Merit Valdsalu: Correct. Yes.

Andrus Aaslaid: There is this thing though that we have to also keep in mind, that if we measure everything in carbon, then I’m always saying that you always get what you measure. So if you measure carbon tons, the carbon tons are what you get. And people are getting very creative in how to use all of those government [subsidies] for having more carbon tons. And meanwhile, we are going south with everything else [for the] sake of the carbon.

So carbon has been a very good equivalent, so far, for calculating nature, but I think we’re now also moving to the new paradigm where we start talking about biodiversity and measuring other things besides carbon. Because yes, carbon saves us and the greenhouse gas measurements methods save us from overheating, but we don’t want to be on this cool planet ourselves without having any other species around us.

John Koetsier: Absolutely. Absolutely. I love it. Merit, I want to ask you this one, because obviously you’re doing carbon offsets and there’s been some controversy over carbon offsets, right? Do they really reduce the amount of carbon in the atmosphere? Or are they just a way to greenwash other things that you’re doing? Do you have an opinion on that? Do you have some insight on that? 
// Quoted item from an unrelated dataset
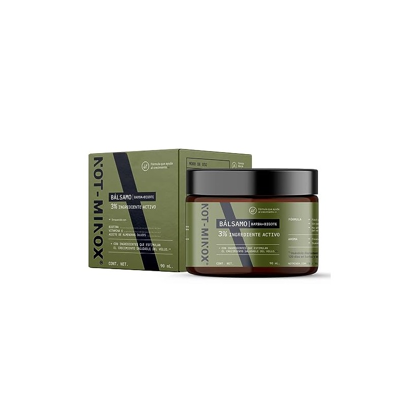 NOT-MINOX Balsamo para Crecimiento de Barba (Media o Huecos) y Bigote | 3% Ingrediente Activo, Reforzado con Biotina, Vitamina E, Aceite de Almendras Dulces | Sin Ingredientes Irritantes | Beard Growth
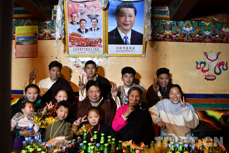“尼瑪,拉姆,快過來獻(xiàn)哈達(dá)了!”索朗仁青一邊招呼著自己的孫子、孫女,一邊整理著手中的哈達(dá)?!跋蝾I(lǐng)袖獻(xiàn)哈達(dá)是我們家每年不變的傳統(tǒng),我們永遠(yuǎn)感謝偉大領(lǐng)袖,感謝共產(chǎn)黨。”索朗仁青一家莊嚴(yán)面向墻上懸掛的領(lǐng)袖像,高舉哈達(dá),齊聲祝福:“扎西德勒!”

Merit Valdsalu: I do have an opinion on that, and I am also worried about a lot of carbon offset projects that actually don’t do good for the nature. For example, like this tree planting in places that clearcut for us and then plant new trees, they don’t actually do good for the nature. That’s not good. Like, what would be good is preserving the healthy ecosystems that we already have here.

But that’s not a thing that’s so easily monetizable, like, how would you put a price on something that you just want to keep as it is? You don’t want to do anything there and you want this to have a monetary value. So that’s been the challenge for us in how to monetize doing nothing … but it actually provides us with the ecosystem around us.

John Koetsier: This is the challenge for billions of people on the planet: how to monetize while doing nothing. And apparently you’ve solved it, but only for trees. So [laughing] that’s a great thing … but, excellent. Talk about your first fund. How much have you raised? Are you still raising? What are you looking to take it to eventually?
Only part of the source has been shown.